囚われのシンデレラーafter storyー
部屋の明かりは点けなくても、33本ものキャンドルが灯されていると、もう十分な明るさがある。
炎が至る場所でゆらゆらと揺れる様は幻想的で、本当に現実から離れた世界で二人しかいないみたいだ。
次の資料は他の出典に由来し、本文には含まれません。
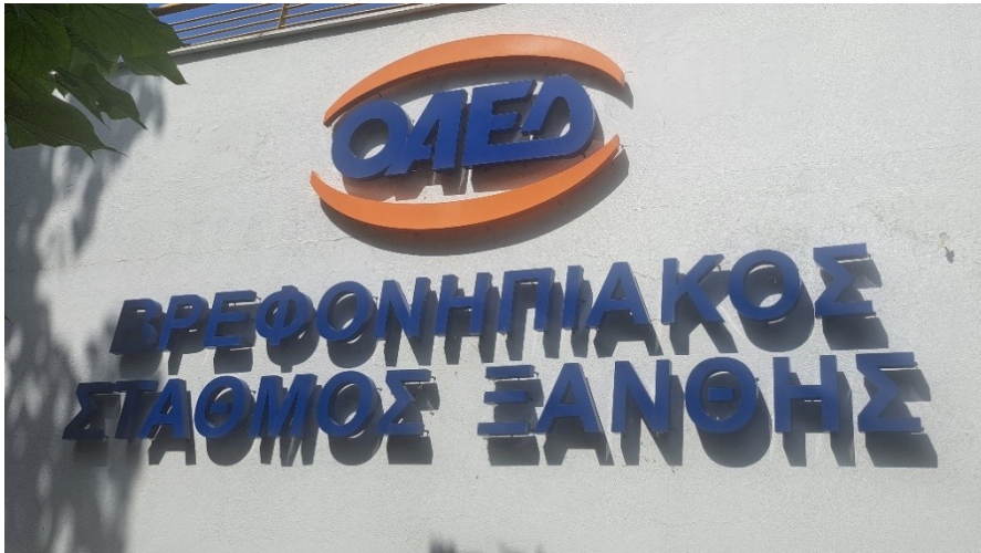
Ενδεικτική εικόνα πινακίδας τύπου 5

Πινακίδα με αποσπώμενα στοιχεία, στερεωμένα το κάθε ένα ξεχωριστά, απευθείας επάνω στην όψη του κτιρίου ή σε ενιαίο φορέα.
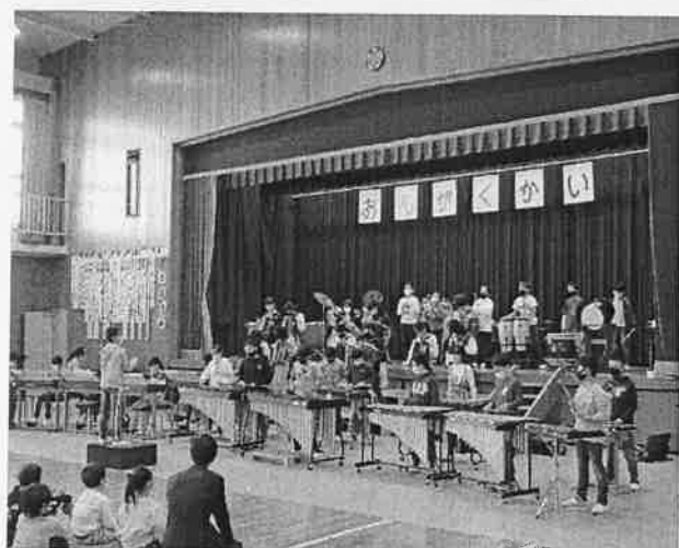
5年「ビリーブ」「夏祭り」
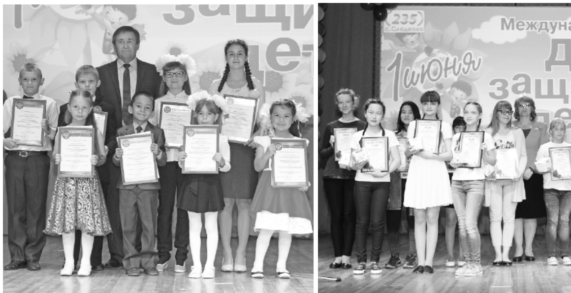
* Заслуженные награды для победителей.
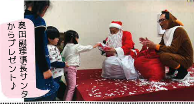
奥田副理事長サンタ からプレゼント♪
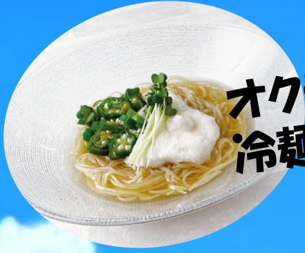
オクラとろろ 冷麺 980円
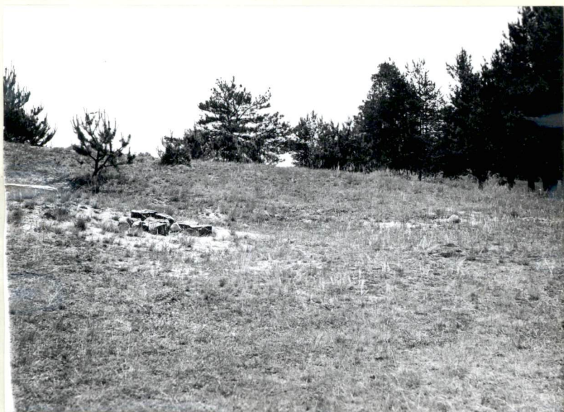
5. Widok w kierunku północno-wschodnim.
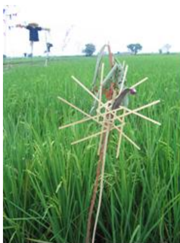
ภาพ : ตาเหลว เป็นเครื่องรางที่ช่วยให้น้ำข้าวคลาดแคล้วจากภัยพิบัติ

แหกหว่าน ก่อนจะนำเมล็ดข้าวพันธุ์ไปหว่าน ต้องมีการหาวันที่เหมาะสมกับการหว่านตามตำรา ได้แก่ วันจันทร์ วันพุธ วันพฤหัสบดี และวันศุกร์ ในวันเหล่านี้ วันพุธถือเป็นวันที่ดีที่สุด รองลงมาคือวันศุกร์ สำหรับการหว่าน ให้หันหน้าไปทางทิศตะวันตก แล้วกลับตาหว่านสัก ๔ - ๕ กำมือ จากนั้น จึงค่อยล้มตาหว่านต่อไป ด้วยถือเคล็ดที่ว่าสัตว์ที่เป็นศัตรูพืชไม่สามารถมองเห็นข้าว กล้าที่หว่านและจะได้ไม่มารบกวนเมื่อหว่านเสร็จ ทำการประกอบพิธี "วางควัภรณ์" คือ วางกระทงใบตองที่บรรจุ "เข้าบ้านกล้วยหน่วย" (ข้าวเหนียวหนึ่งก้อน กล้วยสุกหนึ่งลูก) เพื่อบอกกล่าวพระแม่ธรณีเป็นการฝากฝังให้ช่วยดูแลต้นกล้าให้เจริญงอกงามดี ไม่มีศัตรูพืชมาเบียดเบียน จากนั้นอาจนำต้นเอื้องหมายนามาปักเพื่อแสดงเครื่องหมายบอกความเป็นเจ้าของ พร้อมปักตาเหลว เอี่ยม (๒๕๕๑) ได้อธิบายว่า ตาเหลว เป็นสัญลักษณ์ที่ชาวนานิยมใช้ในพิธีกรรมทั่วไป เช่น การต้มยาสมุนไพร การป้องกันผีขโมยข้าว และการป้องกันศัตรูข้าว เป็นต้น

テーブルに向き合い、赤ワインを注いだグラスを合わせる。
「佳孝さん、遅れてしまいましたが、お誕生日おめでとうございます」
「……ありがとう」
ネクタイを取り寛いだシャツ姿になった佳孝さんが、どこか照れたように応えた。
「誰かに、こうして面と向かって『おめでとう』と言われたのは、大学の時以来かな」
「大学生の時?」
「家族が、祝ってくれていた。ああ、そう言えば……遥人もうちに来ていたか」
そう言って、その時のことを思いを巡らせているかのように少し寂しげに微笑む。
出会ったばかりの時は、ご家族と暮らしていたはずだ。
尊敬するお父様と、お母様と、妹さんと。そして、心から信頼していた親友に囲まれて、幸せな日々をきっと送っていた。出会った頃の佳孝さんは、陰なんてまったく感じられない王子様のようだった。
「それは、賑やかでしたね」
その頃は、こんな未来を予想もしていなかっただろう。そんな佳孝さんの寂しさに、思いを馳せる。
「……でも、俺は」
過去に向けられていた視線が私に戻る。
「今の方がずっと幸せだ。だって、あずさとこうしていられるんだから。これから先も」
――今の方がずっと幸せ。
辛くて苦しんだことを経ても、そう言ってくれた佳孝さんの表情に、私は笑顔になる。
「私も嬉しいです。ようやく佳孝さんの誕生日を祝えました。……そうだ!」
「何?」
私は席を離れ、バイオリンケースからバイオリンを取り出した。
「誕生日と言えば、”ハッピーバースデー”を歌わないと。でも、私はバイオリニストですから、バイオリンで」
「弾いてくれるのか?」
「はい。夜だし、迷惑になるので、小さな音でね」
バイオリンを構え、弦を引く。
誰でも知っているバースデーソングのメロディーを、小さな音で囁くように奏でる。
佳孝さんは、私の方へと身体を向けると目を閉じた。
これから毎年、一緒に祝おうね――。
小さい音だけれど、心を込めて。
「――33歳のお誕生日おめでとう! ハッピーバースデー」
弾き終えてそう言うと、佳孝さんが目を開き、満面の笑みになった。